FLIGHT OF AN ANGEL
The first paragraph of these reviews sketches the story's setup. In case someone wants to read the book, I try only to mention major plot points that occur in the early pages. To add some "visual interest" to the post, I usually accompany the text with an image of the book's cover. Flight of an Angel provides an interesting problem. The cover of the paperback has the usual elements (hot babe, guy with gun) but also a serious spoiler. So I've skipped the cover and added a shot of Angel's Flight, which figures prominently in several of the novel's scenes.
Flight of an Angel by Verne Chute. Morrow (1946), 246 pp.
An thirtyish man finds himself in Los Angeles with no memory of the past. He learns that he goes by the name Jamey-Boy Raider, has a job in a defense plant, and (here's a happy surprise) has been living with a lovely stripper on Bunker Hill. With only a few clues to go on, he begins to search for his real identity. He discovers past associations with some low-lifes at a massage parlor. Then he meets a woman who claims to have known someone who looks like him in years past. He's slowly getting to the truth, but he may not like what he's going to find out.

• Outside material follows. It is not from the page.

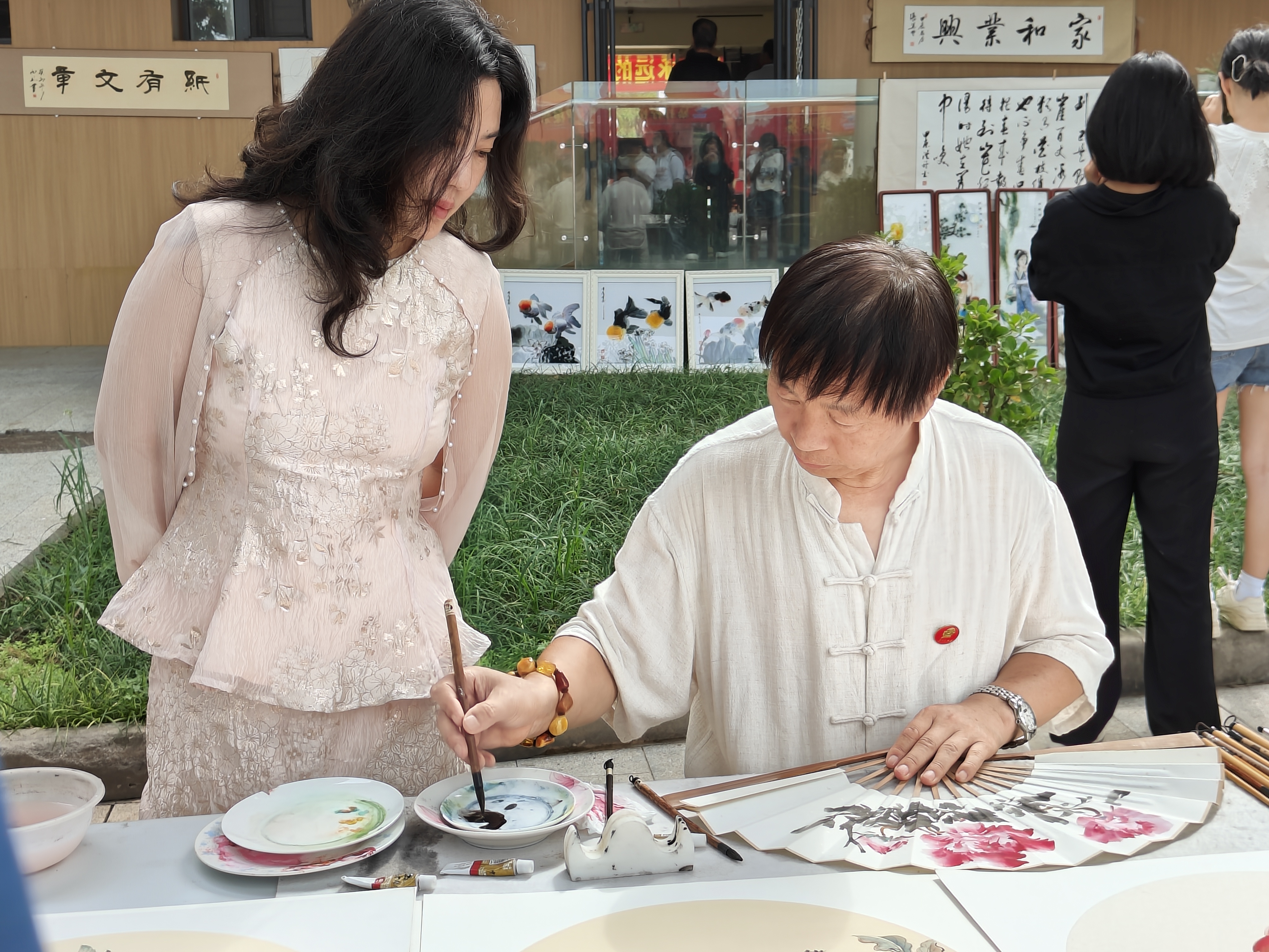游玩一圈回到码头,迎面是两位艺术家在伏案挥墨,手腕转动间,便是一幅花鸟画,兰花淡雅、鸟儿灵动,顿时消散了游客的疲乏。

This is a fast-paced novel that runs out of plot twists. Chute keeps the story moving with a terse style and many taxi rides. The action scenes are well staged and the descriptions of apartments and hotel rooms are detailed and vivid. The book starts to go wrong when it violates the rule that really attractive women cannot be rhapsodized about for a hundred pages and then dumped. Readers won’t care much about the second woman, but they will figure out what she’s up to long before the protagonist does. By keeping his characters in motion, though, Chute diverts attention from the shortcomings of the plot and provides an entertaining read.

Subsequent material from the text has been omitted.